同じ「1時間の待ち時間」でも、その中身は人によって全く違う。そんな様子を眺めていると、待合室は単なる「待機場所」ではなく、日常から少し切り離された穏やかな共有スペースのようにも感じられます。

待ち時間を心地よくするための「準備」

待ち時間をポジティブに捉えるためには、物理的な準備も大切です。長い時間を過ごすことになるからこそ、少しでも快適な環境を自分で整えておくようにしています。

  • 調整しやすい服装
    院内の空調は、場所によって温度差があることが多いです。長時間座っていても体が冷えないよう、羽織れるものがあると安心です。
  • 筆記用具
    先生に聞きたいことをメモしたり、説明を受けたことを記録したり、読書中に気になった言葉を書き留めたりするためのペンやノート、手帳など。使い慣れた文房具が手元にあるだけで、安心感があります。
  • 飲み物(水かお茶)
    緊張や乾燥で喉が渇くこともあるため、蓋の閉まる飲み物を用意しておくと、落ち着いて待つことができます。私が今までに受けてきた検査では、だいたい「水かお茶ならOK」とされていました。

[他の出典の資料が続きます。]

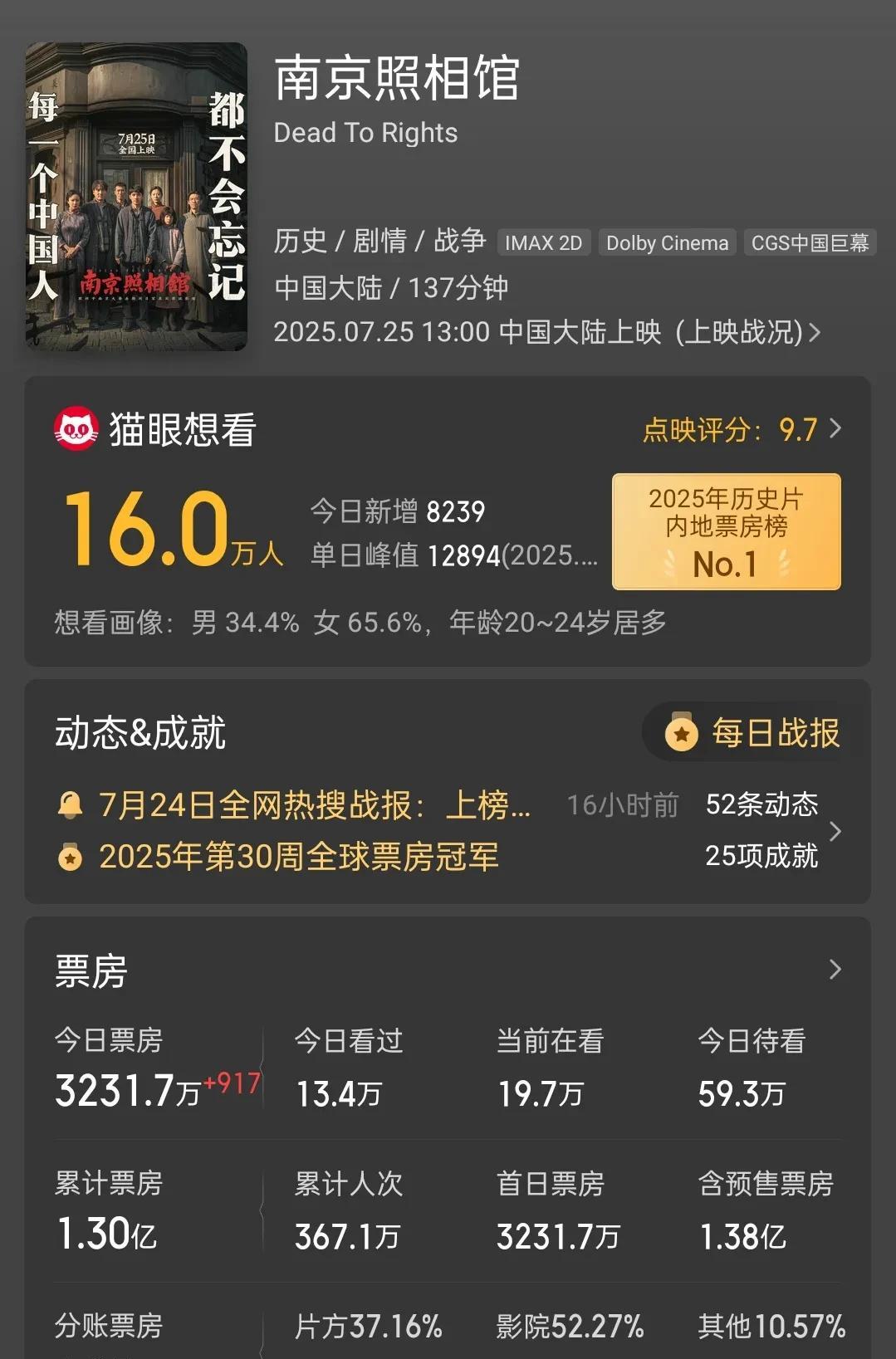终于知道《戏台》为啥被《南京照相馆》碾压了。 今天是《南京照相馆》和《戏台》的首映日,截止截屏时票房情况如下: 《戏台》当日票房1163万,总票房8180万。 《南京照相馆》当日票房3221万,总票房1.3亿。 这个票房差距还是挺明显的。 一边是陈佩斯带着黄渤、姜武,一边是申奥携刘昊然、王传君、高叶、王骁,阵容上不相上下,差在哪里呢? 个人感觉主要有两点: 一是题材上,《南京照相馆》取材于南京大屠杀期间日军真实罪证影像,非常适合暑期带着孩子一起看。 二是受众群体,《南京照相馆》的想看人群是20到24岁居多,而《戏台》是40岁以上居多,前者在影院的消费能力远远大于后者。 如今《戏台》预计票房3.65亿,《南京照相馆》预计票房12.18亿,感觉还是比较符合现实的。

特別なことではありませんが、こうした小さな準備があるだけで、待ち時間の質はぐっと変わります。

かばんに入れているペンとノートの写真
手帳(ノート)とペンがあると、なにかと便利です。

診察をスムーズにする「質問リスト」の整理

待ち時間は、この後の診察の「準備時間」でもあります。いざ呼ばれると、緊張して話したかったことを忘れてしまうことも多いものです。

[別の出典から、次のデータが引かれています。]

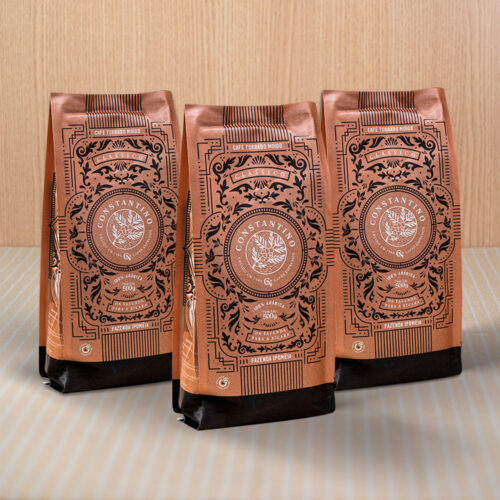 O Café Constantino é especial de origem única, contendo em sua embalagem 100% grãos arábica.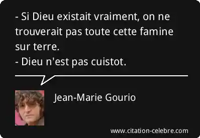 - Si Dieu existait vraiment, on ne trouverait pas toute cette famine sur terre.- Dieu n'est pas cuistot.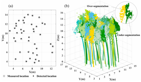(a) Measured and detected locations of individual Moso bamboos; (b) segmented points of individual Moso bamboos.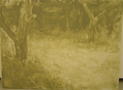 Works created in Vienna may also be divided into two groups – of a larger and smaller format. Most of attention is allocated to the landscape that surrounded M.Gailiūtė in Vienna in larger works. It is pictured as if viewed at a distance in paintings. The depth and distance is revealed by darker shades on canvases, and the dripping paint creates the impression of a mist and mystery.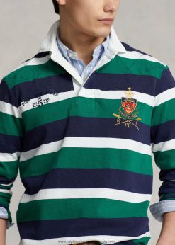 klasszikus szabású csíkos jersey rögbi ing 268048797 férfiak Ralph Lauren sportos zöld multi
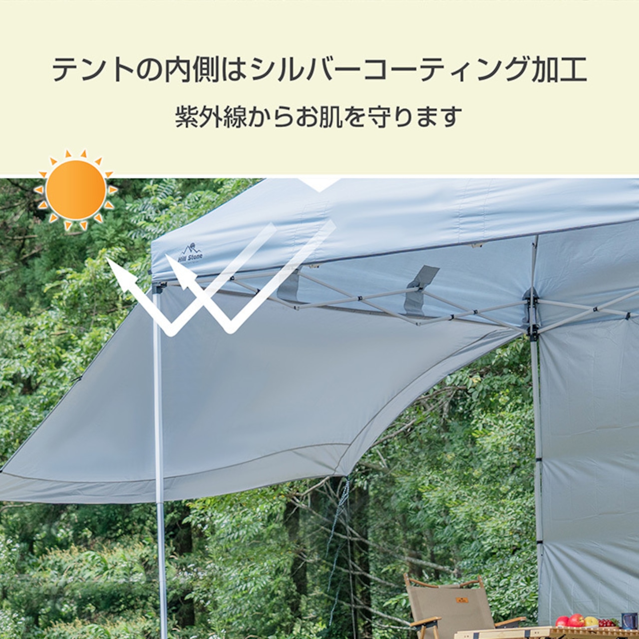2mタープテント サイドシート1枚付き ワンタッチ テント本体 簡単 大型 軽量 日除け UV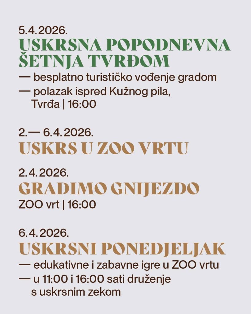 4.4., Uskrs u Osijeku: Uskrsni sajam – na Veliku subotu od 9 do 13 sati na glavom trgu se uz tradicijski sajam na kojemu će se predstaviti i uskrsni običaji nacionalnih manjina, priređuju i dječje radionice izrade uskrsnih čestitki, www.tzosijek.hr, www.facebook.com/TZ.Osijek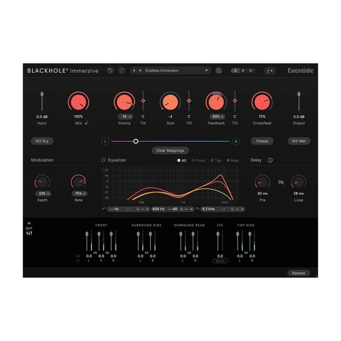 Designed from the ground up for immersive, Dolby Atmos, and surround workflows, Blackhole® Immersive expands the signature sound of Eventide’s stereo version across your entire immersive mix. Used as a send or insert, Blackhole Immersive remains respectful yet reactive to your carefully chosen track positioning.

当日の朝や待ち時間に、以下の3点を手帳やメモアプリなどに書き出してみると、聞き忘れを防げますよ。

  • 体調について
    体温はどうだったか、症状はどこが辛くて、ずっと同じなのか、変わったのかなど。
  • 薬について
    あと何日分残っているか、飲んでみてどうだったか、副作用が気になるから別の薬を試せないか相談してみるなど。
  • 今日、絶対に先生に聞きたいこと
    タイミングを逃すとまた数ヶ月後になってしまうので、今気になっていることや、どういった不安があるのかなど。

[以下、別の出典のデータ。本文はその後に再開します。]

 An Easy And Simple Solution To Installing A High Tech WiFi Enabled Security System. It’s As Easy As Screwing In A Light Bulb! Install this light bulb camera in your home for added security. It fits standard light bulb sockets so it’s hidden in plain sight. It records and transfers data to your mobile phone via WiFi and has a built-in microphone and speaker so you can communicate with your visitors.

こうした準備をすることで、診察時間が濃密になり、結果的に次の患者さんへのスムーズなバトンタッチにも繋がると考えています。

まとめ

病院での待ち時間は確かに「待たされている時間」ではありますが、見方を変えれば、誰にも邪魔されない「自分だけの自由な時間」でもあります。

予約枠の仕組みを知ることや、時間通りに呼ばれることの方が珍しいという気持ちで待つことで、診察までの時間を落ち着いて、穏やかに過ごせると感じています。

この記事が、病院での待ち時間に不安やストレスを抱えている方の参考になれば幸いです。